III. Motion to Strike Portions of Defendants' Affidavits
Plaintiff also filed motions to strike portions of Defendants' affidavits and answers to interrogatories (Doc. 94 and Doc. 95). Specifically, Plaintiff seeks to remove statements he alleges are not based on Defendants' personal knowledge and are not admissible in court pursuant to the Federal Rules of Evidence and the Federal Rules of Civil Procedure.
Plaintiff correctly notes that an affidavit opposing summary judgment "must be made on personal knowledge, set out facts that would be admissible in evidence, and show that the affiant is competent to testify on the matters stated." Fed.R.Civ.P. 56(e)(1). However, "at the summary judgment stage, evidence need not be submitted `in a form that would be admissible at trial.'" Argo v. Blue Cross and Blue Shield of Kansas, Inc., 452 F.3d 1193, 1199 (10th Cir. 2006) (quoting Celotex Corp. v. Catrett, 477 U.S. 317, 324 (1986)). For example, "parties may . . . submit affidavits in support of summary judgment, despite the fact that affidavits are often inadmissible at trial as hearsay, on the theory that the evidence may ultimately be presented at trial in an admissible form." Id. (citing Bryant v. Farmers Ins. Exch., 432 F.3d 1114, 1122 (10th Cir. 2005)). "Nonetheless, `the content or substance of the evidence must be admissible.'" Id. (quoting Thomas v. Int'l Bus. Machs., 48 F.3d 478, 485 (10th Cir. 1995)).
Plaintiff seeks to strike the portions of the affidavits and answers to interrogatories because the affiants lack personal knowledge, and the statements are either irrelevant or contain hearsay. However, Plaintiff fails to explain why the affiants, in his opinion, lack personal knowledge about their own impressions, opinions, and beliefs. Also, he fails to explain why statements regarding his employment are irrelevant to his employment termination suit. The documents he challenged exclusively discuss Plaintiff as an employee and Plaintiff's termination; there is no question but that such information is relevant in this case.
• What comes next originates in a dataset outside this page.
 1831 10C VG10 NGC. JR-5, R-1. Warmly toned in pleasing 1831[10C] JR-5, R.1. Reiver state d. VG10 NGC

Contrary to Plaintiff's assertion, each of the challenged documents complies with Fed.R.Civ.P. 56(e)(1). Even though some passages contained hearsay and other statements that might not be admissible at trial, the Court has not considered the hearsay and other non-admissible evidence in ruling on these motions.
Conclusion
Pursuant to the foregoing, the Defendants' motions for summary judgment will be GRANTED. Plaintiff's motions to strike will be DENIED.